Similarly the surface area of the abstraction plays a big part in how concise and productive the team can become. For example, languages such as C++ are often criticised for having an enormous syntactical surface area that makes it taxing for the developer - more cognitive effort is spent on remembering and recalling syntax when writing and reading code as apposed to a language such as Clojure whose terse syntax affords good re-usability and simplicity.
Another crucial aspect of building good software is trust, and trust can be built into the system by choosing appropriate tools, libraries and patterns. For example, I shouldn't have to worry about the consequences of loosing work if my computer breaks - version control is a good solution to this. Similarly, it would be beneficial if I didn't have to spend time thinking about whether my servers are online - containerisation and fault-tolerant infrastructure is a good solution to this and allows me to focus more time and energy on delivering business value.
Inside the code, I can favor languages with static type systems to enable safe and efficient refactoring, leading to less technical debt and bugs caused by regressions. I can choose to implement tests to increase my confidence in changes to the code made over time. I can pick patterns such as event-sourcing to facilitate changes to my domain model in response to changes in business requirements without having anxiety from the consequences of data loss.

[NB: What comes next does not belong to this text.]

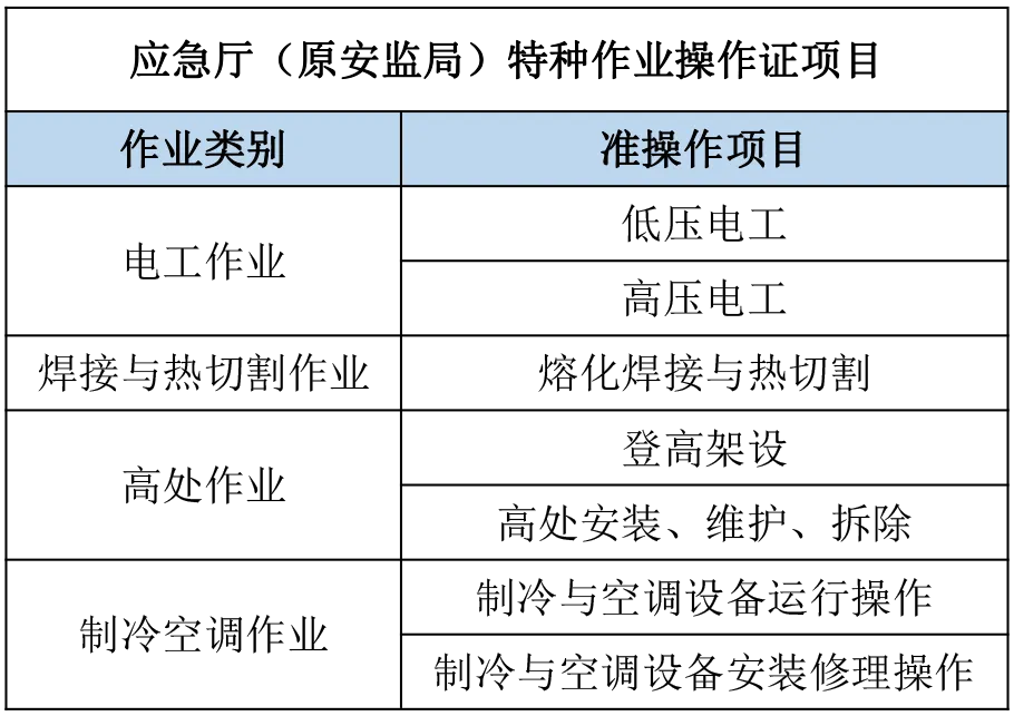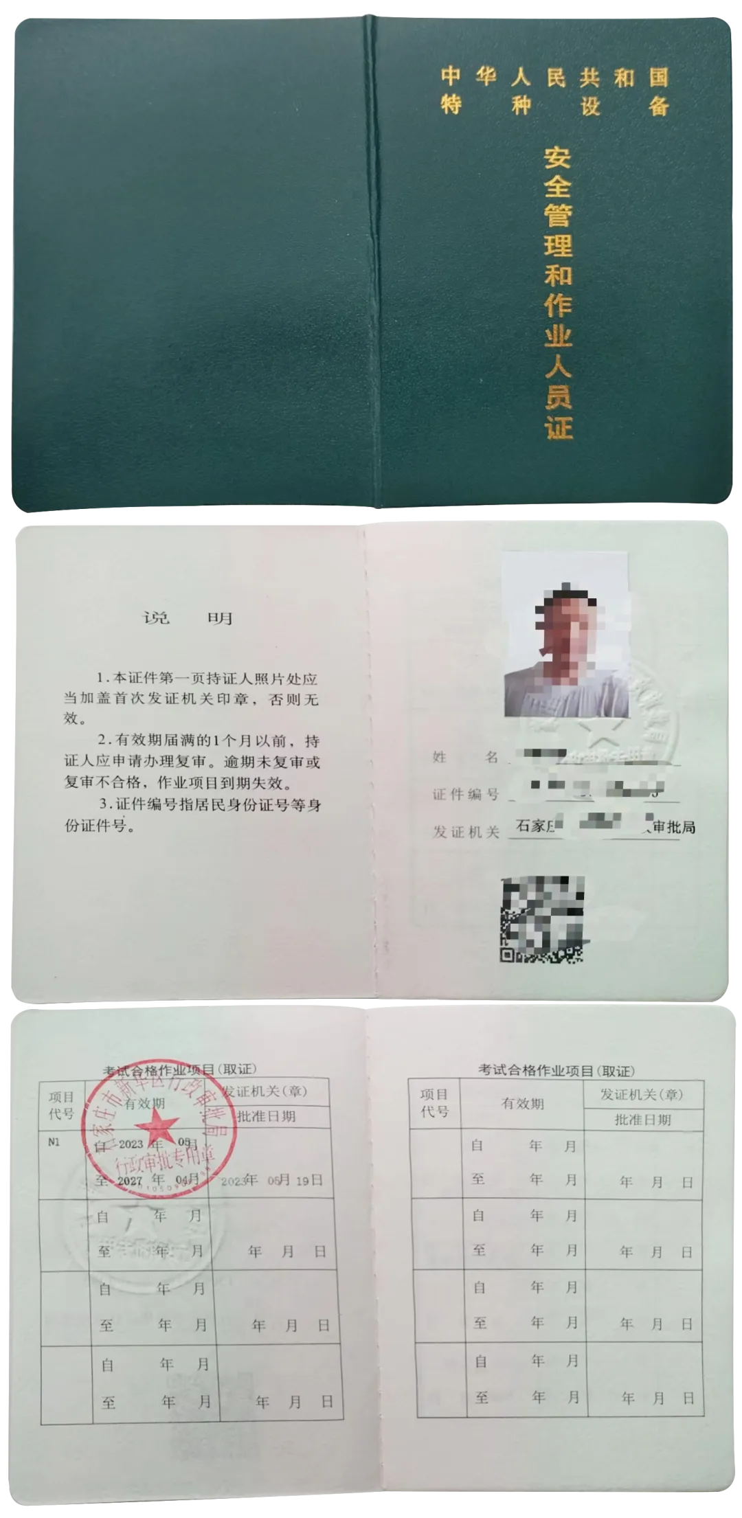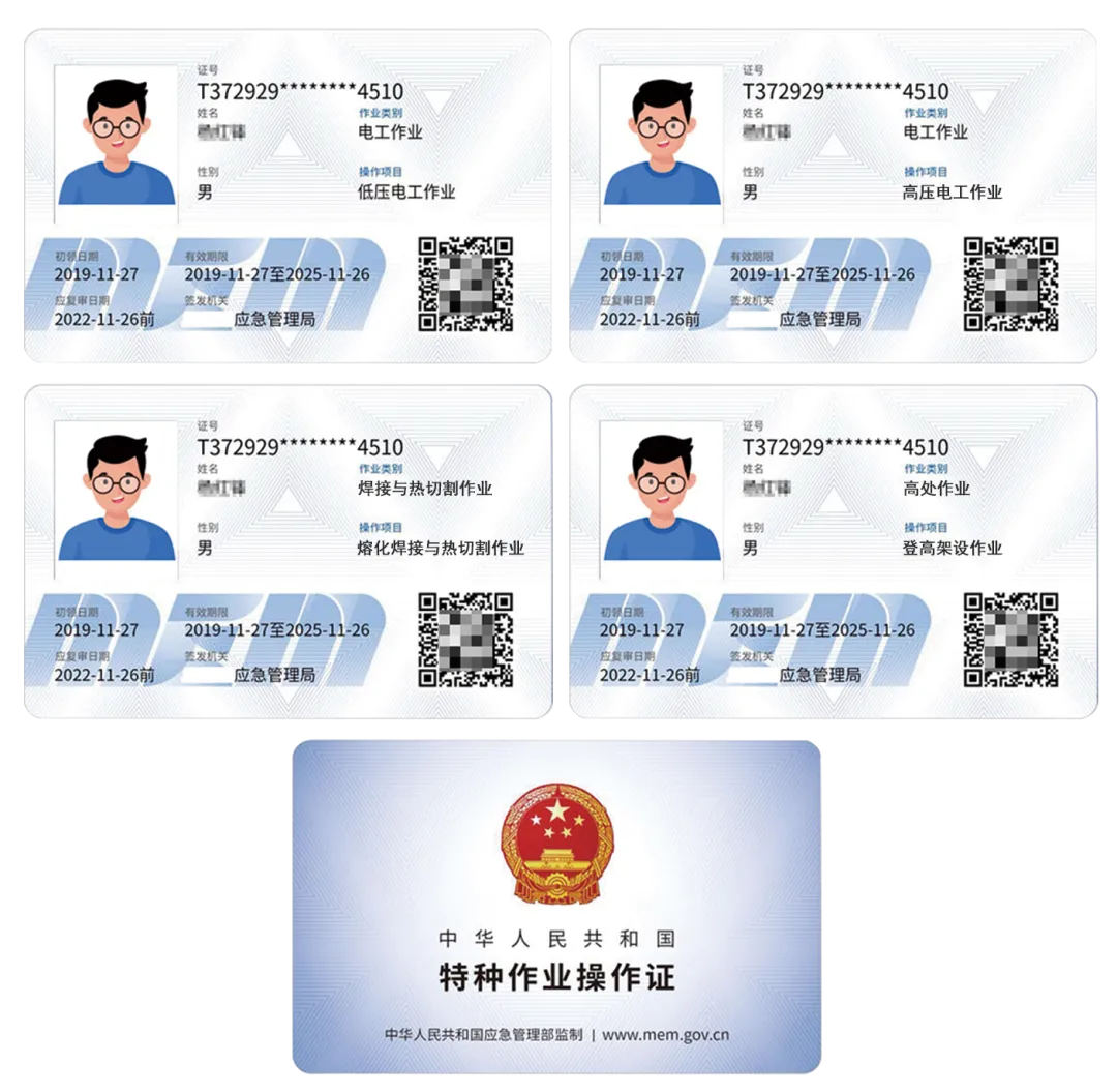 02 考试科目 理论+实操,每科考试满分100分,80分及格,理论考试合格后才可参加实操考试。 03 报名条件 年龄18-60周岁、初中以上学历、身体健康。 04 报名资料 (1)身 份 证正反面照片 (2)2寸白底照片 (3)初中以上学历电子版(或本人户口页) (4)报名申请表 05 为什么要持证上岗? 1.《安全生产法》第三十条规定:“生产经营单位的特种作业人员必 须按照国家有关规定经专门的安全作业培训,取得相应资格,方可上岗作业。” 2.《安全生产法》第九十七条规定:“生产经营单位有下列行为之一的,责令限期改正,处十万元以下的罚款;逾期未改正的,责令停产停业整顿,并处十万元以上二十万元以下的罚款,对其直接负责的主管人员和其他直接责任人员处二万元以上五万元以下的罚款”,其中第(七)项规定“特种作业人员未按照规定经专门的安全作业培训并取得相应资格,上岗作业的。” 3.《中华人 民共和国刑法》第 二百八十条规定:“伪造、变造、买卖或者盗 窃、抢夺、毁灭国家机关的公文、证 件、印 章的,处三年以下有 期 徒 刑、拘役、管制或者剥 夺 政 治 权 利,并处罚金;情节严重的,处三年以上十年以下有 期 徒 刑,并处罚金。” 06 证书样例 特种作业操作证

In addition to the concrete benefits, building trust in to the system has a positive effect on the ways in which groups of software engineers collaborate with one another. For example, picking a battle-tested front-end framework such as React affords high confidence and trust that the likelihood of encountering insurmountable problems is small; it's a tool that has been used to build some of the most complex applications already.
Occams Razor states that the simplest solution is often the correct one, and this is certainly something that applies to software engineering. This is the reason why paradigms such as functional programming are becoming popular - there are constraints introduced by the system that encourage structuring programs in a pure and composable way. Often constraints such as these force principles that further reduce cognitive load once the principles become autonomous and second-nature.
One of React's founding principles is that the view is a pure function of state. This simple principle yields a deliberate separation between the notion of state, side effects and output which encourages good programming principles more generally; for example, it's easier to refactor and improve code if it's state and side effects are loosely coupled.
We've explored how being intentional around the languages, tools, patterns and libraries we choose can have a profound impact on our cognitive load, and consequently our ability to deliver business value as software engineers. Remember Occams Razor, often the simplest solution is the correct one.